2 Comments on "Unraveling the Mystery: How Supermassive Black Holes Grow so Massive"

  1. Richard Loucks | June 24, 2024 at 5:38 pm | Reply

    but it has been difficult to track all the ways black holes can grow reliably.”
    do you mean “but it has been difficult to reliably track all the ways black holes can grow.”

  2. 1. The Universe is multidimensional. It is a Macrocosm structured, stratified on multiple dimensions and planes, with different frequencies and vibrations. (M-theory of theoretical physics, for example, talks about 11 such dimensions.)
    2. The PHYSICAL Universe was born from the primordial supermassive black holes. I call this theory “The Supermassive Black Holes Bang”. (It’s a theory of mine with few elements borrowed from metaphysics.) Consequently, there’s no such thing as the Big Bang; or at least there’s no such thing as the Big Bang in the current format that is presented in the Standard Model. The Big Bang could be seen as a primordial supermassive black hole from where later many other such structures formed.
    3. All the galaxies are born from the supermassive black holes found in their centers. The giant black holes regulate their entire structure and physiology (possibly via dark matter) ever since their beginnings, as dwarf galaxies. Dwarf galaxies represent basically the galaxies in their infancy, after their birth from their supermassive black holes. There were recently made multiple observations which showed again and again that the supermassive black holes release periodically superheated jets of energy, matter, gas all throughout their galactic environments, feeding their galactic hosts systematically. These observations include the supermassive black holes of Henize 2-10, NGC 1275, M27, SDSS J1531, or even Milky Way’s Sagittarius A. Many other cases of supermassive black holes in the early Universe, with their galactic hosts in their infancy having the same mass (1 to 1), prove again that the galaxies are born from their supermassive black holes, and after that they gradually evolve, expand.
    4. Dark energy, which fills the physical Universe, comes out of the supermassive black holes as well. Scientists also theorized that recently, in 2023. This explains, for example, why some areas of the Universe expand faster than other areas. I believe that a larger concentration of supermassive black holes which release dark energy into one area of the Cosmos would lead inevitably at a faster expansion of space within that area.
    5. The different types of energies released by the supermassive black holes during the galactic evolution (dark energy, dark matter, or baryonic matter, which, as we know, is energy condensed into this physical plane) shape the galaxies in a spiral or lenticular way. By the mode in which the supermassive black holes release these energies into this dimensional layer, the galaxies get that flat shape. In the case of the elliptical galaxies, I suspect that the supermassive black hole physics is changed; in other words, here they stopped releasing dark repulsive energy winds perpendicular to the galactic structure, and because of this reason these galaxies are not flat, disk-shaped.
    6. All the energy that condenses and materializes into this four dimensional spacetime environment comes, via these supermassive black holes, from the higher dimensional layers of the Macrocosm. Therefore, the origins of the physical Universe are found, via these supermassive black holes, NOT in another parallel Universe (as some physicists like John Wheeler used to theorize in the past), but in the higher dimensional layers of the same Universe or Macrocosm. The black holes could be seen in this way as interdimensional gateways of energy exchange between this physical layer observed by us and the higher extradimensional planes of the Macrocosm.

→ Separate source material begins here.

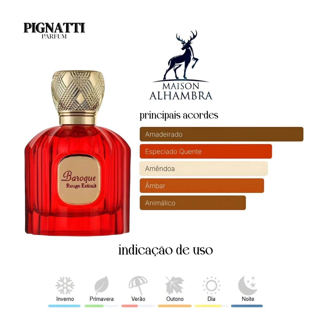 Baroque Rouge Extrait de Maison Alhambra é um perfume Aromático Especiado Compartilhável. Baroque Rouge Extrait foi lançada em 2022. As notas de topo são: Açafrão e Amêndoa. As notas de coração são: Notas Amadeiradas, Cedro e Jasmim Egípcio. As notas de fundo são: Notas Amadeiradas, Âmbar Cinzento e Almíscar.

    Metaphysics also supports the idea that the physical plane is emanated from the higher macrocosmic layers. This emanation is done through the same black holes. More future scientific observations will clarify the validity of my statements revealed here very briefly.

    What are the origins, the essence, and the nature of the entire multidimensional Macrocosm? It’s a very long, complicated story (too long for this comment section), a story around which I developed my own personal theory which tries to explain the ultimate nature of nature.